По плечу чиновника снисходительно похлопал, и Кох решил определенно: «Точно, Шелихов в Петербурге руку нашел крепкую. Надо с купцами поостеречься».
Голиков держался с чиновником сухо. Уехал Кох ни с чем.
Волна тихо била о причал, качала зеленую бороду водорослей, облепивших старые, до черноты прогнившие сваи. Из темной глубины к свае выплыла огромная большеголовая рыбина и уставила круглые глаза на сидевшего на краю причала солдата.
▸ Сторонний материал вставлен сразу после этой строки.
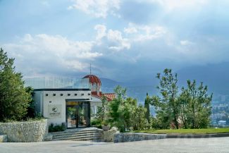 • прямой вид на море, Алушту, хвойный лес и горы;
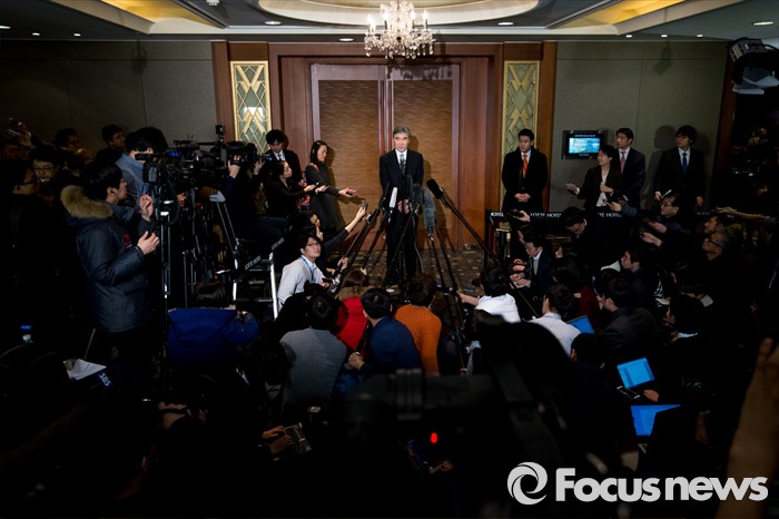 (서울=포커스뉴스) 성 김 미국 국무부 대북정책특별대표가 13일 오후 서울 중구 롯데호텔에서 열린 '한미일 6자회담 수석대표 긴급회동'에 자리해 북한 4차 핵실험 강행 관련 대북제재 방안 논의를 마친 뒤 입장발표를 하고 있다.
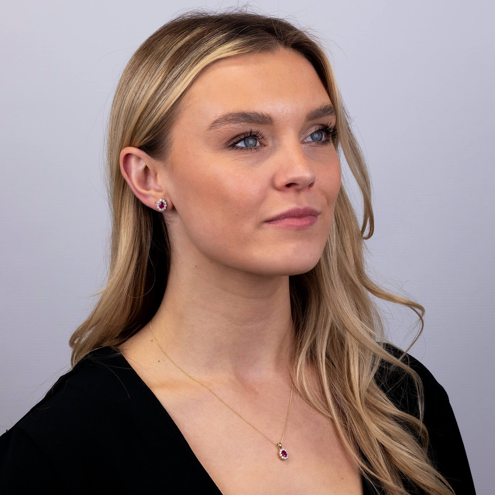 This stunning pendant necklace showcases a striking oval cut ruby, surrounded by a halo of dazzling diamonds that enhance its radiant beauty. The polished bail adds a refined finish, allowing the pendant to hang effortlessly from the included chain. The combination of the vivid red ruby and the sparkling diamonds makes this necklace a captivating piece, perfect for both formal events and daily wear. Ideal for those who appreciate timeless elegance, this ruby and diamond necklace is a sophisticated addition to any jewellery collection. A perfect gift or a luxurious addition to your own collection.
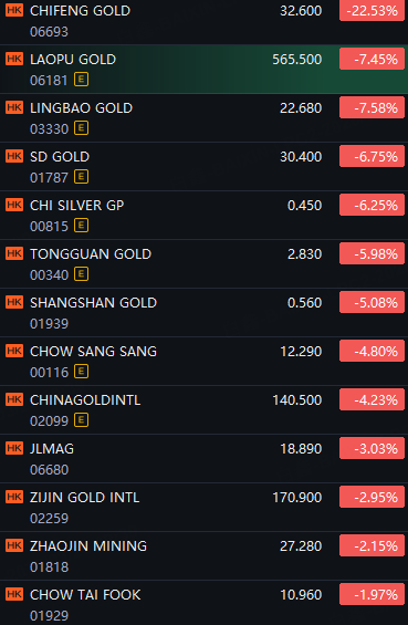 HK Gold Stocks Fell. Chifeng Gold down 23%; Laopu Gold and Lingbao Gold Down 7%; SD Gold, Chi Silver and Tongguan Gold Down 6%; Shangshan Gold Down 5%.
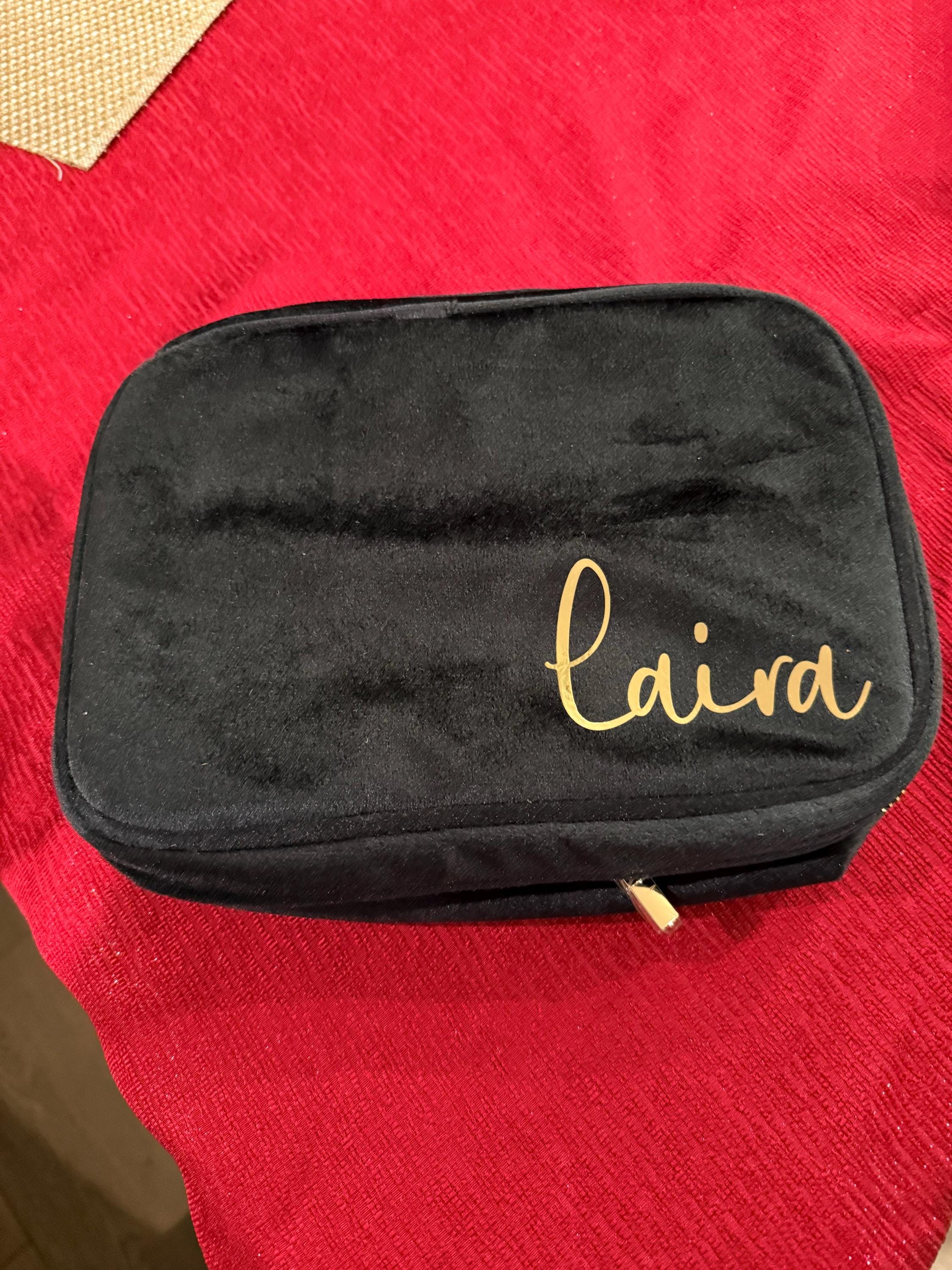 This made such a great gift for my friends at Christmas. I got these personalized velvet cases and put some makeup items inside. They were a hit. And they really are quite beautiful. I got green, navy, black, purple. I think the black and green with the gold writing look the best. Really beautiful. And great customer service too!! Thank you!
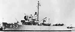 PCER-853 entered the Navy yard in Hawaii and was still undergoing overhaul when Japan capitulated. In September 1945, the vessel steamed to the east coast of the United States and was placed in the Atlantic Reserve Fleet at Green Cove Springs, Fla.
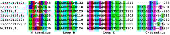The conserved amino acid residues that were predicted to be involved in water channel regulation in PiconAQPs are shown in Figure 3. A conserved glutamic acid residue was located in PiconPIP2s at Glu32 and in PiconPIP1;2 at Glu45 (corresponds to Glu31 in SoPIP2;1; Glu34 in ZmPIP2;1, and Glu33 inMcPIP2;1). In loop B, a conserved serine residue was located at Ser116 in PiconPIP2s and at Ser130 in PiconPIP1;2 (corresponds to Ser115 in SoPIP2;1; Ser126 in ZmPIP2;1, and Ser123 in McPIP2;1). A conserved histidine residue in loop D was located at His208 in PiconPIP1;2 and at His194 in PiconPIP2s (corresponds to His193 in SoPIP2;1; His204 in ZmPIP2;1, and His201 in McPIP2;1). Identification of these conserved residues will be helpful in revealing the role of PiconAQPs in stress resistance by conducting in vitro functional assays.
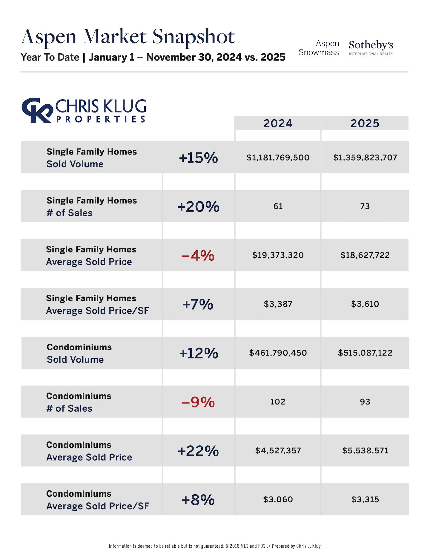 The Aspen Snowmass real estate market remains very strong as we head toward year-end. We’re on track for a great finish to 2025 and an excellent start to 2026. Inventory is still tight, and sales continue to outpace last year. The high end leads the way, with 78 sales over $10 million so far—up from 68 a year ago, a 15% increase. Year-to-date, 29 properties have sold above $20 million compared to 23 last year, a 26% jump. These numbers do not include several off-market trades. Snowmass continues to offer relative value, with average prices less than half of Aspen’s. While true “checks all the boxes,” inventory remains limited, shifting feeder markets and broader economic and political forces make accurate pricing and strategic positioning more important than ever. Sellers should remain open to negotiation, especially where compromises exist. It has been a fantastic 2025, and with a historically tight supply, upcoming improvements, and sustained demand, I’m optimistic 2026 will start just as strong.
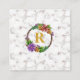 Floral Wreath Initial Letter Monogram Name Marble Square Business Card
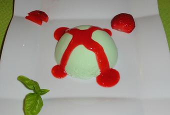 Ingrédients : 100g de fraises - 20cl de crème liquide - 15cl de lait - 40g de sucre - 2 feuilles de gélatine - 2 c à s de sirop de basilic
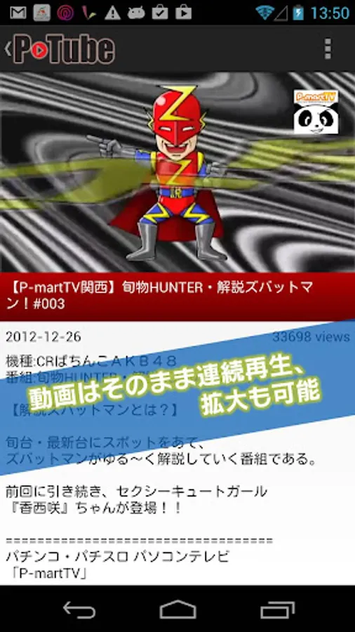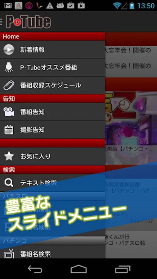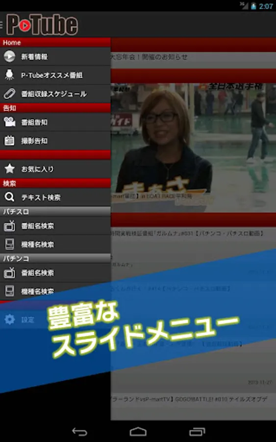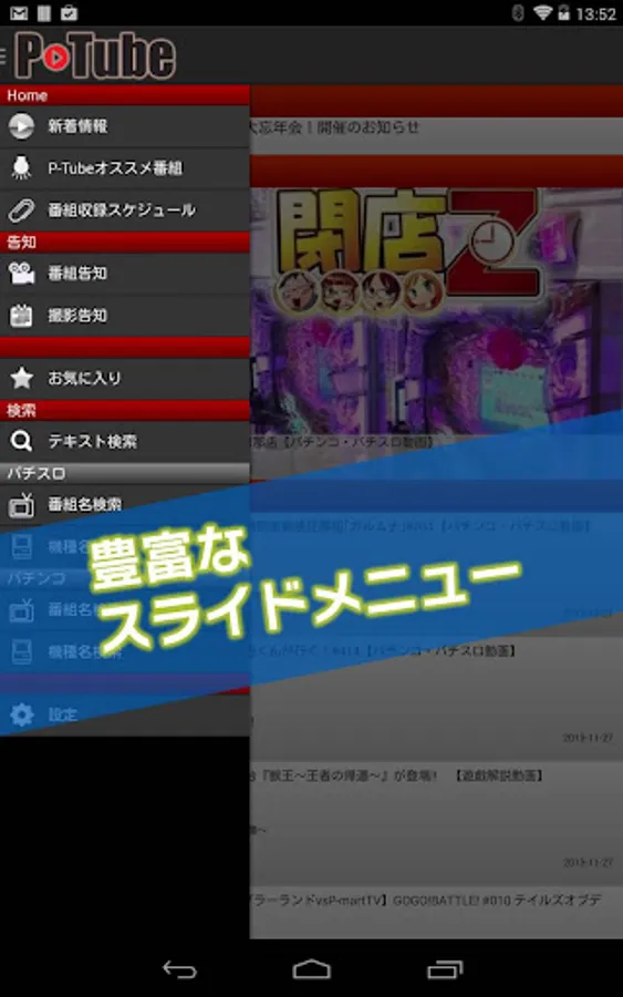 横スライドメニューや自動一覧更新でラクに素早く動画を楽しめます。
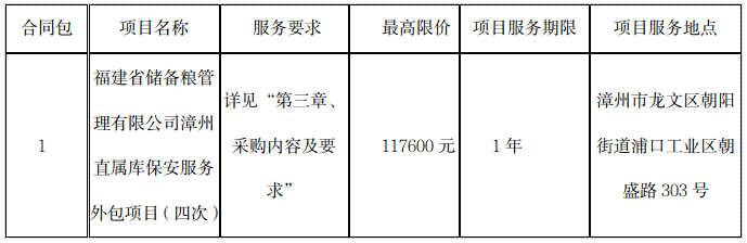 2.項目概況:為福建省儲備糧管理有限公司漳州直屬庫保安服務(wù)外包項目(四次)。

Солдат был старый вояка, еще елизаветинский, невесть как попавший в Охотск. Глянув оторопело на рыбину, солдат с сердцем плюнул:
— Тьфу, нечисть… Не приведи господи!
Рыбина лениво вильнула хвостом и ушла в глубину. Солдат вытер рукавом заросший щетиной подбородок и плюнул еще раз. Не один год жил на берегу океана, а все не мог привыкнуть к морской рыбе. Уж больно велика, колюча и чертоподобна была она. Другого и не скажешь. Все карасики рязанские ему помнились из тихого пруда, на поверхности которого не шелохнется и опавший листок. Карасик бьется, играет в солнечных лучах, трепещет прозрачными плавниками. Красавца этого раз из воды выхватишь и всю жизнь будешь помнить.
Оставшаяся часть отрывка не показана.